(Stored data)
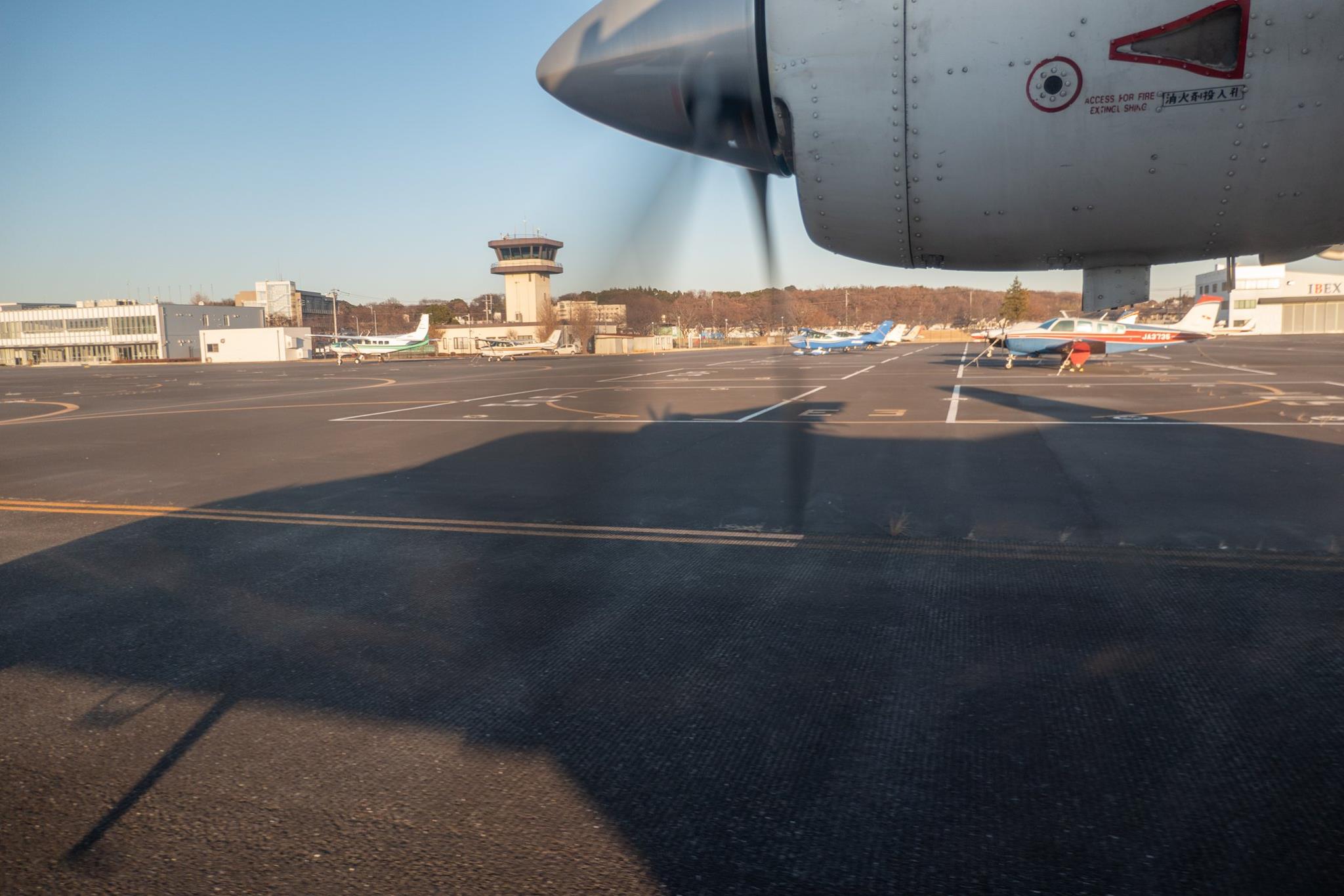 今度は新中央航空のセスナで調布空港まで飛ぶ。調布のホテルに一泊しながら、自転車の修理をして、翌朝再び調布空港から大島へ戻る。
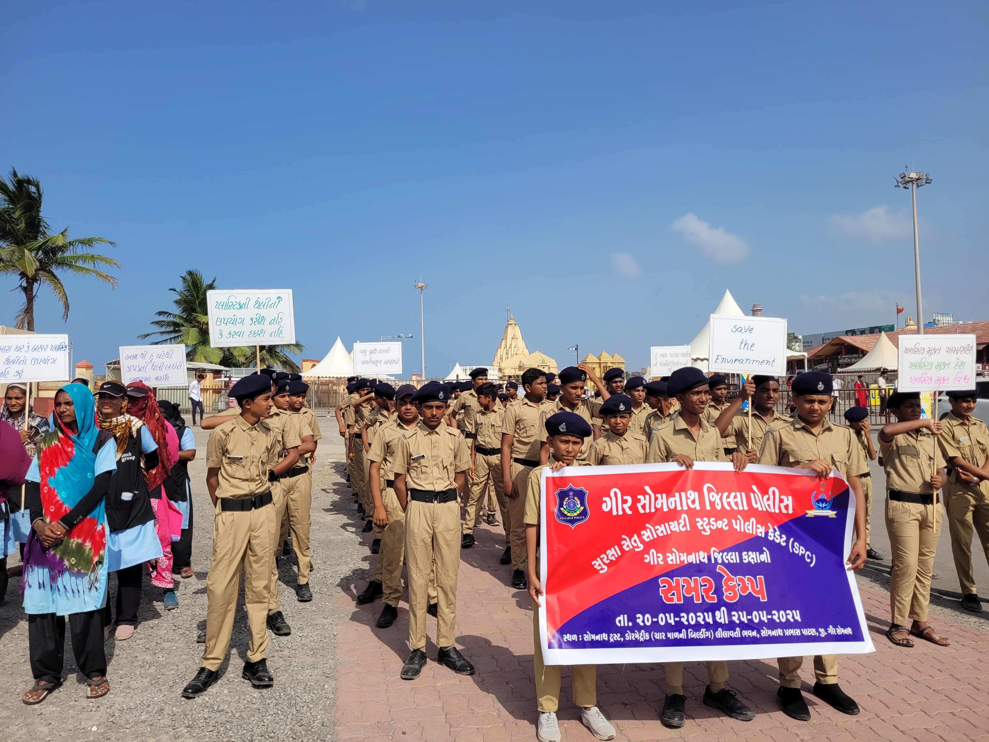 સુરક્ષા સેતુ સોસાયટી સ્ટૂડન્ટ પોલીસ કેડેટ સમર કેમ્પના કેડેટ્સ અને સોમનાથ ટ્રસ્ટના સફાઈ કર્મચારીઓએ સંયુક્ત પ્રયાસ શરૂ કર્યો છે.
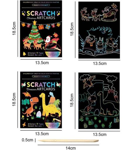 KALANKA-Scratch Art kit pour Enfants Magic Rainbow Papier à gratter Carnet de Pâques Cadeau d'anniversaire pour garçons et Filles (Dinosaure Noël)
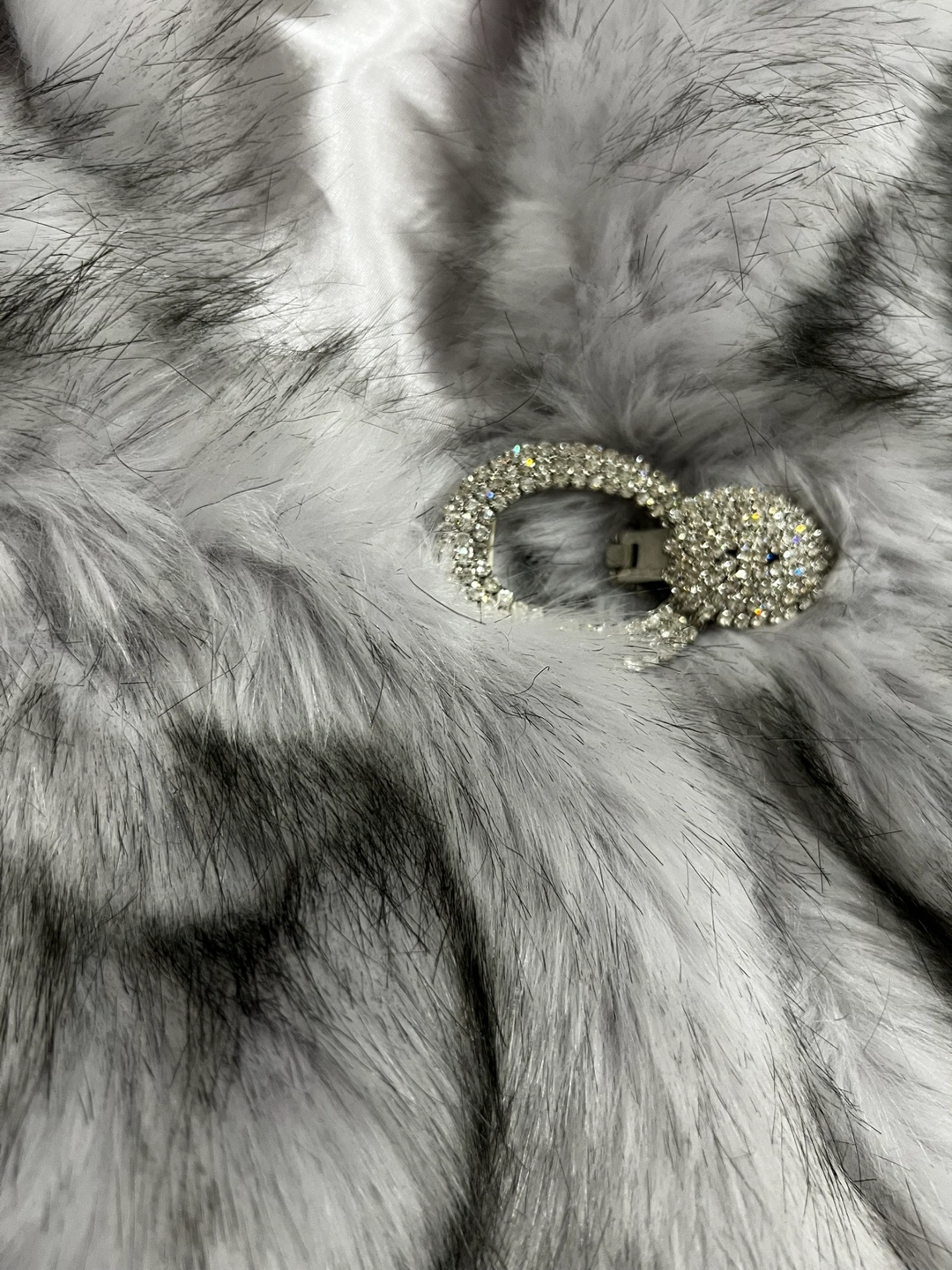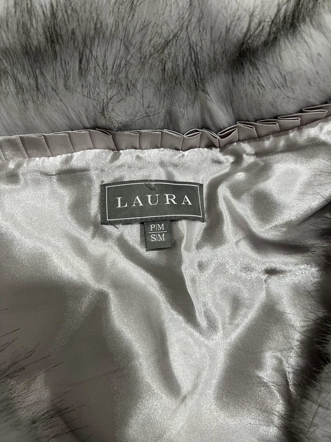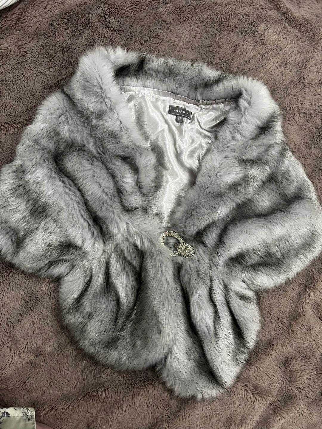 Laura brand faux fur wrap with a rhinestone closure. It has a satin lining. The size is listed as PM/SM. The colour is grey.
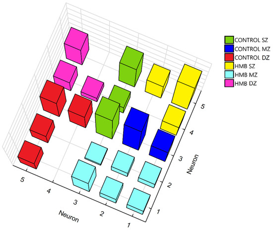 As a result of the training process (Table 4), clustering the SOM network with 25 neurons in the output zone divided the presented dataset into six groups (Figure 6). As can be seen, neurons winning in the training created clusters based on the similarity of given vectors describing the examined groups: control (SZ, MZ and DZ) and HMB (SZ, MZ and DZ). It might be observed that neurons winning for the middle zone and deep zone in the HMB group are located in the opposite corners of the square-shaped network, indicating that SOM considered them completely different. Similar behavior may be seen for the deep zone from the control group and the superficial zone from the HMB group. By contrast, groups such as the middle zone in the control and HMB groups are similar to a greater extent, so they are located close to each other on the SOM map.
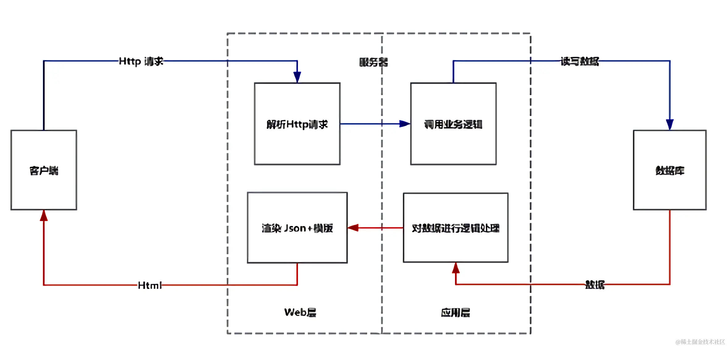 第二种:客户端-web服务器-应用服务器-数据库
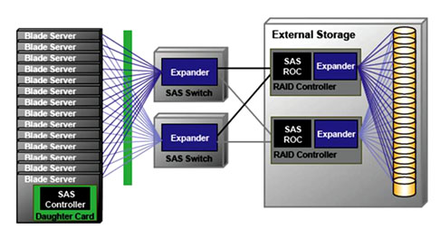 在企業HDD硬碟儲存應用上,SAS已成替代光纖的重要選擇。它能提供全天候的儲存應用,並透過雙埠HDD來提高傳輸率和做到錯誤後轉移(Fail-over)的功能。在運用上可做為Server DAS或後端儲存系統。善用SAS交換器及開關(Switch)可以提供相當大的擴充彈性,同時獲得高可用性、高頻寬,以及容易設定和管理等優勢。對於機架及刀鋒(Blade)伺服器(圖2),或外部儲存應用都是很好的選擇方案。
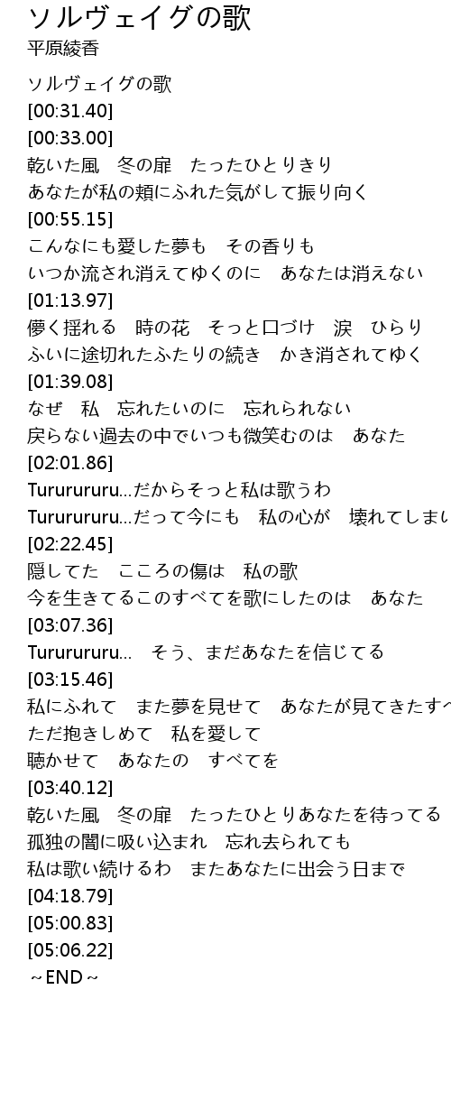 | [00:34.72] | 乾いた風 冬の扉 たったひとりきり |

*Task*
When you reach the line with "સુરક્ષા સેતુ સોસાયટી" in the records above, start writing out each line exactly, and stop after the line with "Laura brand faux". Pictures stay out.

*Response to this task*
 સુરક્ષા સેતુ સોસાયટી સ્ટૂડન્ટ પોલીસ કેડેટ સમર કેમ્પના કેડેટ્સ અને સોમનાથ ટ્રસ્ટના સફાઈ કર્મચારીઓએ સંયુક્ત પ્રયાસ શરૂ કર્યો છે.
 KALANKA-Scratch Art kit pour Enfants Magic Rainbow Papier à gratter Carnet de Pâques Cadeau d'anniversaire pour garçons et Filles (Dinosaure Noël)
 Laura brand faux fur wrap with a rhinestone closure. It has a satin lining. The size is listed as PM/SM. The colour is grey.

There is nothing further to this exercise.